■ Data for the task:

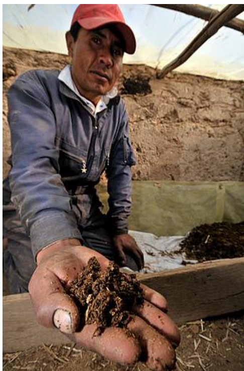
Figure 1: Composting in Colquenchá, Bolivia.

Particularly in warm climates organic waste tends to begin decomposing quickly -- within a day or so. Rotting organic waste is often responsible for the foul smell in bins, vehicles and
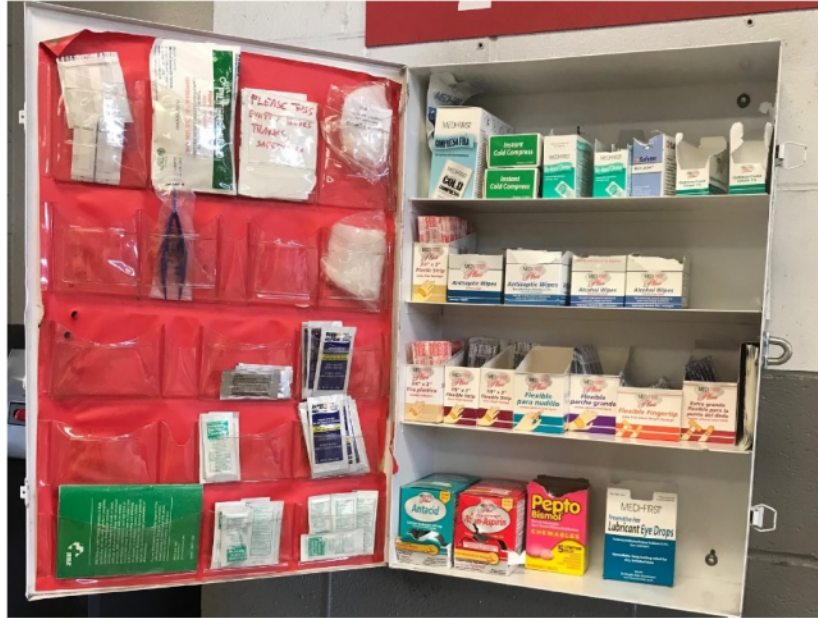
See Table 8 for the summary of the check result.
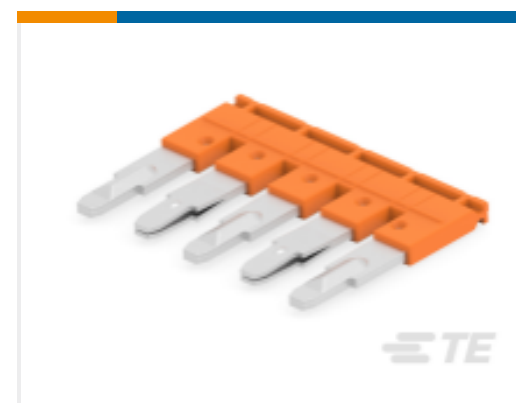
TE Part #1SNK908305R0000 JB8-5
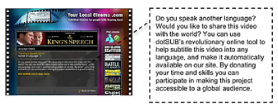
Figure 2: Screenshot of the invitation to amateur subtitling on the website "Your Local Cinema".

In websites such as "Your Local Cinema" (http://www.yourlocalcinema. com/) we can find invitations like the following for people to subtitle movies clips into other languages, thus making the website accessible to non-English speakers:
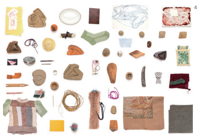
AOKI Ryoko + ITO Zon, From the exhibition: WORKSHOP FREE MOLECULES METAMORPHOSES, The Watari Museum of Contemporary Art, 2020

Participating artists range from emerging artists born in the 1980s, to mid-career practitioners born in the 1970s, and veterans of 1960s vintage, presenting the kind of everyday things that happen to everyone, in a variety of media including photography, video, sculpture, drawing, embroidery, pictures and words. These are artists based not only in Japan's major metropolises, but also in smaller centers and rural areas, and their creative acts are intimately tied to their day-to-day routines.
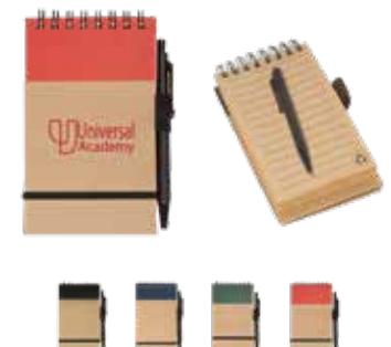
Pocket Eco-Note Jotter PL-3756
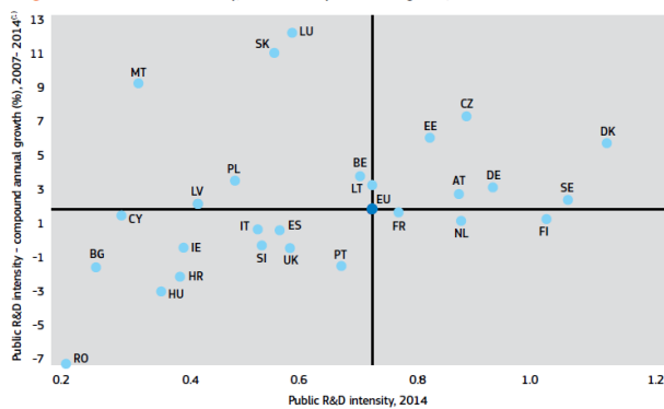
► Figure I-2-6 Public R&D intensity, 2014 and compound annual growth, 2007-2014

Source: DG Research and Innovation - Unit for the Analysis and Monitoring of National Research Policies Data: Eurostat Notes: 1) PT: 2008-2013. 2) EL: Greece is not included on the graph because valid data are available only for 2011-2014.
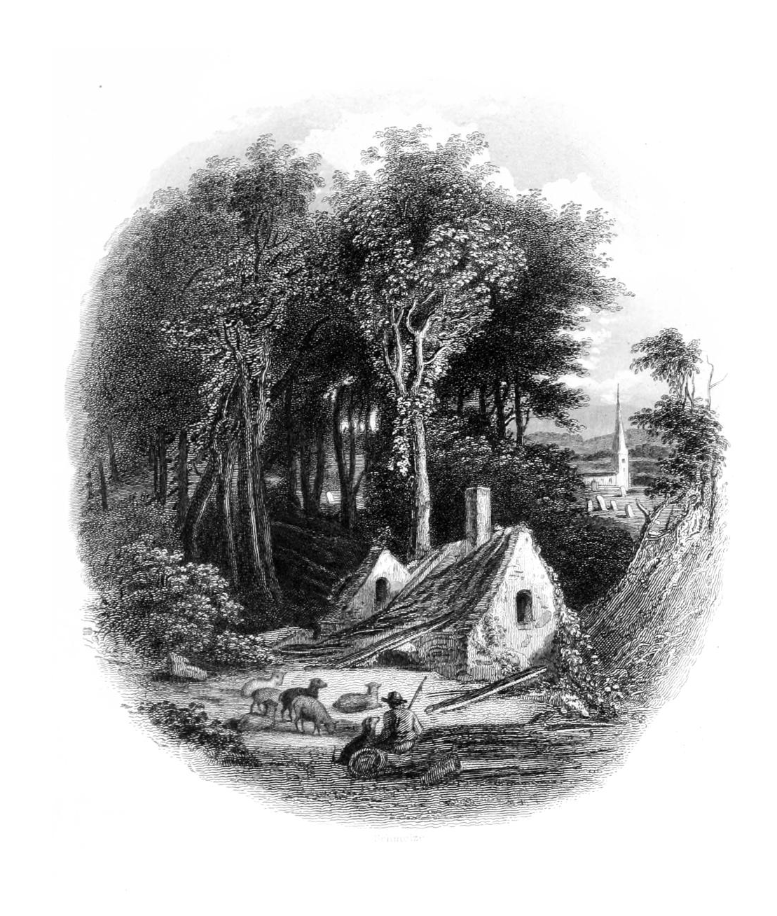
"Far opening down some woodland seep. In their own quiet glade should sleep."

■ What you need to do: The answer consists of the records repeated exactly, without any images.

■ Reply to the task:
Figure 1: Composting in Colquenchá, Bolivia.

Particularly in warm climates organic waste tends to begin decomposing quickly -- within a day or so. Rotting organic waste is often responsible for the foul smell in bins, vehicles and
See Table 8 for the summary of the check result.
TE Part #1SNK908305R0000 JB8-5
Figure 2: Screenshot of the invitation to amateur subtitling on the website "Your Local Cinema".

In websites such as "Your Local Cinema" (http://www.yourlocalcinema. com/) we can find invitations like the following for people to subtitle movies clips into other languages, thus making the website accessible to non-English speakers:
AOKI Ryoko + ITO Zon, From the exhibition: WORKSHOP FREE MOLECULES METAMORPHOSES, The Watari Museum of Contemporary Art, 2020

Participating artists range from emerging artists born in the 1980s, to mid-career practitioners born in the 1970s, and veterans of 1960s vintage, presenting the kind of everyday things that happen to everyone, in a variety of media including photography, video, sculpture, drawing, embroidery, pictures and words. These are artists based not only in Japan's major metropolises, but also in smaller centers and rural areas, and their creative acts are intimately tied to their day-to-day routines.
Pocket Eco-Note Jotter PL-3756
► Figure I-2-6 Public R&D intensity, 2014 and compound annual growth, 2007-2014

Source: DG Research and Innovation - Unit for the Analysis and Monitoring of National Research Policies Data: Eurostat Notes: 1) PT: 2008-2013. 2) EL: Greece is not included on the graph because valid data are available only for 2011-2014.
"Far opening down some woodland seep. In their own quiet glade should sleep."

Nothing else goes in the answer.